## GIVEN RECORDS
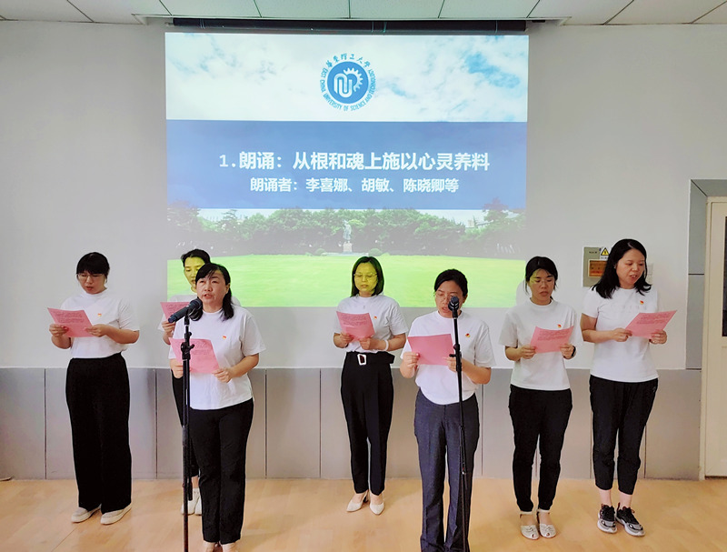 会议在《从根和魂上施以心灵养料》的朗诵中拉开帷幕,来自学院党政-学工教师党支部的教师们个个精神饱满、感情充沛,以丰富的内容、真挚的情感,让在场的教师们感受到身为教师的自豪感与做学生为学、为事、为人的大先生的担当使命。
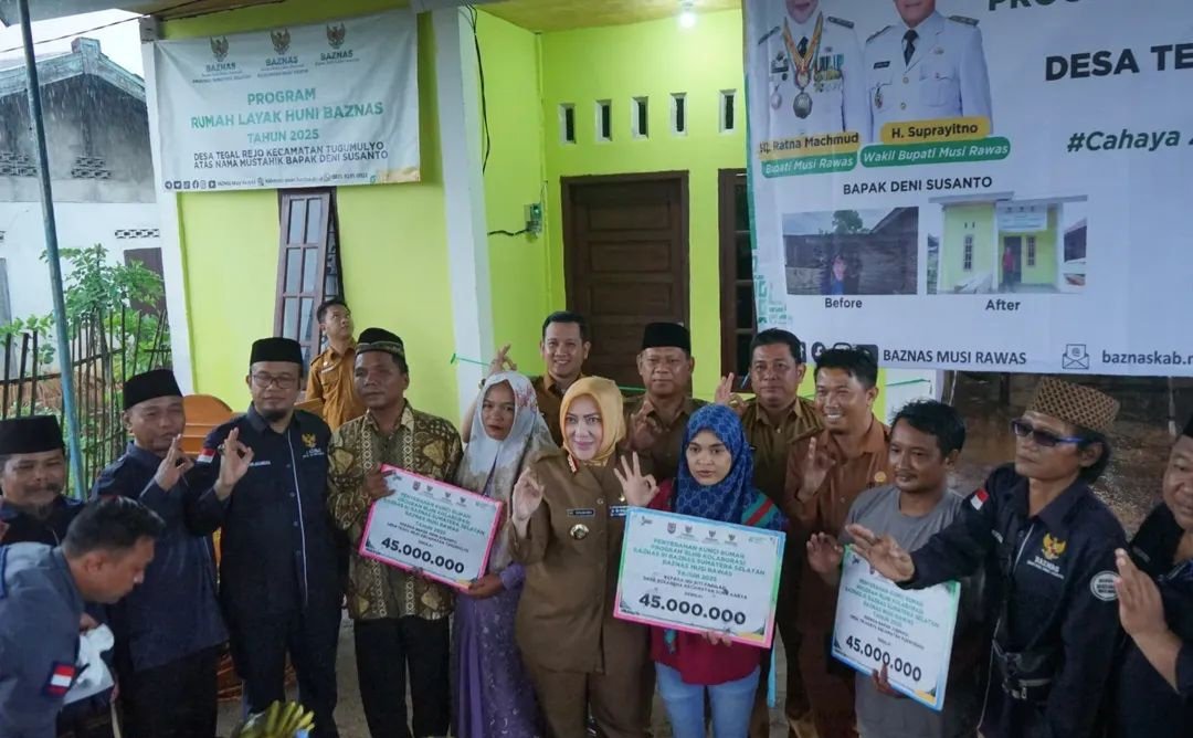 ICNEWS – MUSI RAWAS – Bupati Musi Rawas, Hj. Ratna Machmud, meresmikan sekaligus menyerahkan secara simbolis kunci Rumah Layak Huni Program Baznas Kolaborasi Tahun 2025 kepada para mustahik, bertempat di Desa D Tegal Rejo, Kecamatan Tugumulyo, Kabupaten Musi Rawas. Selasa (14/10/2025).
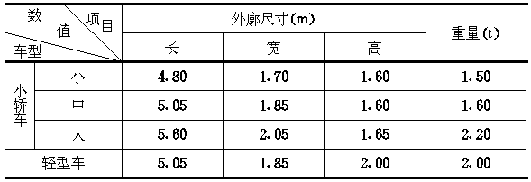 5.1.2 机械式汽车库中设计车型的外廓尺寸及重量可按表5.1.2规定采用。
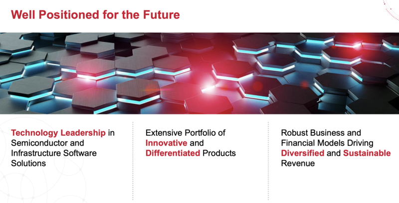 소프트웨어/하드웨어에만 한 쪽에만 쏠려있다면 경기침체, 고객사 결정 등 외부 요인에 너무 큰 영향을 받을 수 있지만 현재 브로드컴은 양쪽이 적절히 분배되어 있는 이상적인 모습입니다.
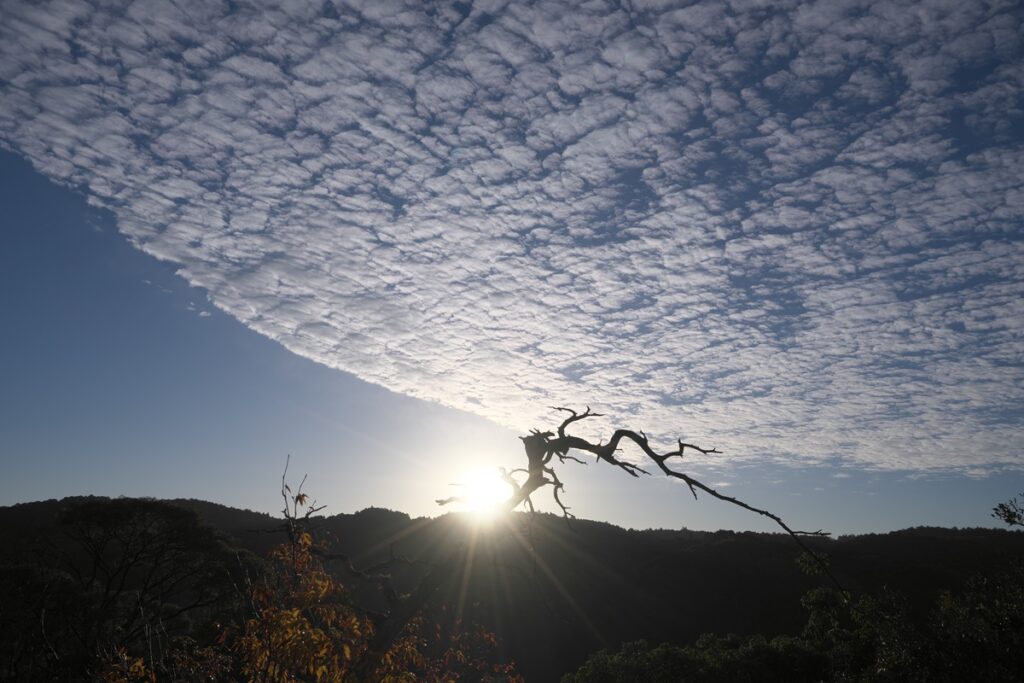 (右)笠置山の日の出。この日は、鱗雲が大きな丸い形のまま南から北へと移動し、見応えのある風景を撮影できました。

* * *

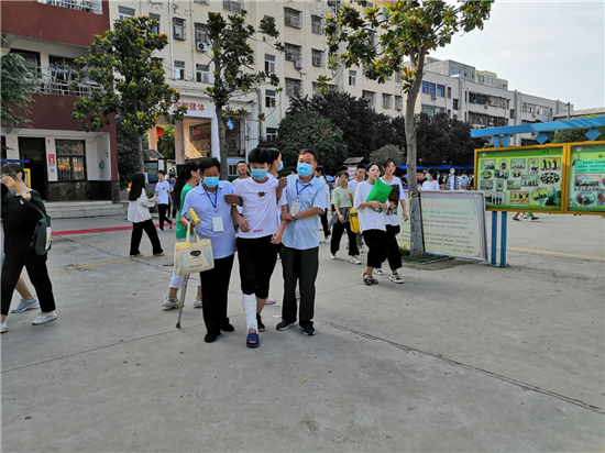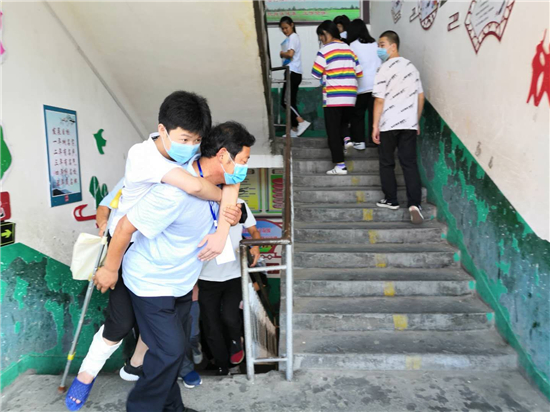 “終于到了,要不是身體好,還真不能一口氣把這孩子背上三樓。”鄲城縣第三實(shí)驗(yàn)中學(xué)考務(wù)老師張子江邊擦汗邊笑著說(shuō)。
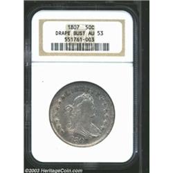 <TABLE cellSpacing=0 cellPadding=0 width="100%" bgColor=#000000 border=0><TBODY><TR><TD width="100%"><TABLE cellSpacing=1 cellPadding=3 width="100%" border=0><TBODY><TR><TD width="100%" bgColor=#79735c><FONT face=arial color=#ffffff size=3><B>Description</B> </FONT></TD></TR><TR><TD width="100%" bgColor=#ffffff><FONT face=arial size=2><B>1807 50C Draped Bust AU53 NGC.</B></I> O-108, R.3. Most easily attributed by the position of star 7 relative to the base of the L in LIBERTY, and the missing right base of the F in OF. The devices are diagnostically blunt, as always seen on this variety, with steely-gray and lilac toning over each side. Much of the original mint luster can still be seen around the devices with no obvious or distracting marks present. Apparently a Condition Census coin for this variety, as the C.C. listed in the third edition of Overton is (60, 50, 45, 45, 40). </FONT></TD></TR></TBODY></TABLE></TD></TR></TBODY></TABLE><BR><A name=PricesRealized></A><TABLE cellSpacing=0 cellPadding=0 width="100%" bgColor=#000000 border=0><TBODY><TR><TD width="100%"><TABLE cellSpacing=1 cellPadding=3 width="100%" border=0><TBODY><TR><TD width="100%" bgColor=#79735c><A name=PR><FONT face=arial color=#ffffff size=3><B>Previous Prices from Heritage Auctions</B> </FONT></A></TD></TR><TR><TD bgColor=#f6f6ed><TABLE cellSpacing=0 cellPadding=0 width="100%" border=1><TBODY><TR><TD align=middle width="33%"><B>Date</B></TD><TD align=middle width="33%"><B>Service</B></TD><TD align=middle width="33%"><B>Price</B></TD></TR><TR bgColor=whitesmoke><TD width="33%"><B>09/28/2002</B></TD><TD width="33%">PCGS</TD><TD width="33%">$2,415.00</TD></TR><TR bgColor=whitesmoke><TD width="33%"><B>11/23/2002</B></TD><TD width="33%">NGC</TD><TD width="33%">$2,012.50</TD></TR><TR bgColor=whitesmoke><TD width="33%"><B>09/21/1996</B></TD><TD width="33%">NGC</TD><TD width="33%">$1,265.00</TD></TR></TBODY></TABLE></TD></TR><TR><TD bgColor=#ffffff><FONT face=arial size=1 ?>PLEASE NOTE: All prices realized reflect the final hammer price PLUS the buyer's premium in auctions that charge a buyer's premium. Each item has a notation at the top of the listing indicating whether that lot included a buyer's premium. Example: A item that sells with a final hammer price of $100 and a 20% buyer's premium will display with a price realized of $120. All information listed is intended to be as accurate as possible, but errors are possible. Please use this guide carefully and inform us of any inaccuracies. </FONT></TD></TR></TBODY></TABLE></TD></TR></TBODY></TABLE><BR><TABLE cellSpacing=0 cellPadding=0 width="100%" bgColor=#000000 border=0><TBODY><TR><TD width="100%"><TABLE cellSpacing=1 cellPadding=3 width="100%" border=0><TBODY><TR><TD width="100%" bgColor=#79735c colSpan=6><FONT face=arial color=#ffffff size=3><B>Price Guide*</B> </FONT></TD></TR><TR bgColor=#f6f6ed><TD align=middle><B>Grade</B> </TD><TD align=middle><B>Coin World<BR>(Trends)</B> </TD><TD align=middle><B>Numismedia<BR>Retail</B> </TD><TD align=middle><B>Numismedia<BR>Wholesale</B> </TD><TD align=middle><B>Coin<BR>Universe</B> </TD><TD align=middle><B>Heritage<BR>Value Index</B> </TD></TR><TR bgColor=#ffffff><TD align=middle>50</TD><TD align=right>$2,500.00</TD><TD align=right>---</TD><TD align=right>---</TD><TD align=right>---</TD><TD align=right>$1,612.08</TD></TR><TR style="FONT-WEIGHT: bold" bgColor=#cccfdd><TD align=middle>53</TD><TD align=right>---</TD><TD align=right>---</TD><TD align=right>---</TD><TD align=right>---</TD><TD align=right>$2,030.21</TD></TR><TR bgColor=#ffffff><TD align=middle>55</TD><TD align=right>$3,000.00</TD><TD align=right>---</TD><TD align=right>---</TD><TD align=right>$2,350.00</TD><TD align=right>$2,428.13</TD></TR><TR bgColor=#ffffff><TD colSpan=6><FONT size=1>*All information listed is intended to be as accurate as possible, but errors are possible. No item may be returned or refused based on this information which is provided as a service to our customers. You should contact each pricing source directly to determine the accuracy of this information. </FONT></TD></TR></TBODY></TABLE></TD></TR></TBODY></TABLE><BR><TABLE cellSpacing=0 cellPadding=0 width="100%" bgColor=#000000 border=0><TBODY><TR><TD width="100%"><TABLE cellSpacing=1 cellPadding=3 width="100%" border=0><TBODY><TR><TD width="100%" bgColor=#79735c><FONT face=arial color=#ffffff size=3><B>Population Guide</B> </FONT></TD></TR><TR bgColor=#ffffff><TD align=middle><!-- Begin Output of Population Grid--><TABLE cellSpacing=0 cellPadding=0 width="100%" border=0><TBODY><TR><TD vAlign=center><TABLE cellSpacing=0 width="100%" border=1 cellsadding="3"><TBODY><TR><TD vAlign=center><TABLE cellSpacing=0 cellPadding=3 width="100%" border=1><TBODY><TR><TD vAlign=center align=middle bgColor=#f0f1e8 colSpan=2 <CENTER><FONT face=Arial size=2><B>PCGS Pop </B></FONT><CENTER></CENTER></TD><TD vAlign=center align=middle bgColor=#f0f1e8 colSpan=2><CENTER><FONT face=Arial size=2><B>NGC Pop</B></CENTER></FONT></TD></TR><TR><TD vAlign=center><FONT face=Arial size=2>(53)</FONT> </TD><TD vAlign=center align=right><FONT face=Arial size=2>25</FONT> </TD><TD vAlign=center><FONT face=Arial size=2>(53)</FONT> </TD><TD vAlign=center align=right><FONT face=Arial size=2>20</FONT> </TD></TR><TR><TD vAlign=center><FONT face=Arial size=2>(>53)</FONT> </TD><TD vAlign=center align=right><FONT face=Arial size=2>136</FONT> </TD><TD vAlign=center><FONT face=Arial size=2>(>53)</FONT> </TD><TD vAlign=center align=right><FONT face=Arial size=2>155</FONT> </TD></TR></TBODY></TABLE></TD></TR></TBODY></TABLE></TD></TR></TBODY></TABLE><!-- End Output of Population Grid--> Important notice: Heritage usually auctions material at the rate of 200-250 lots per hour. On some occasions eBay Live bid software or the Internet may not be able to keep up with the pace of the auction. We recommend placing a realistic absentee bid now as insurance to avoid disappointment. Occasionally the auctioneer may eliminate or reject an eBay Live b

## THE PROBLEM
Write down exactly what the lines above say, from the line holding "ICNEWS – MUSI" through the line holding "(右)笠置山の日の出。この日", and nothing more. Do not copy the pictures.

## RESPONSE FOR THIS EXERCISE
 ICNEWS – MUSI RAWAS – Bupati Musi Rawas, Hj. Ratna Machmud, meresmikan sekaligus menyerahkan secara simbolis kunci Rumah Layak Huni Program Baznas Kolaborasi Tahun 2025 kepada para mustahik, bertempat di Desa D Tegal Rejo, Kecamatan Tugumulyo, Kabupaten Musi Rawas. Selasa (14/10/2025).
 5.1.2 机械式汽车库中设计车型的外廓尺寸及重量可按表5.1.2规定采用。
 소프트웨어/하드웨어에만 한 쪽에만 쏠려있다면 경기침체, 고객사 결정 등 외부 요인에 너무 큰 영향을 받을 수 있지만 현재 브로드컴은 양쪽이 적절히 분배되어 있는 이상적인 모습입니다.
 (右)笠置山の日の出。この日は、鱗雲が大きな丸い形のまま南から北へと移動し、見応えのある風景を撮影できました。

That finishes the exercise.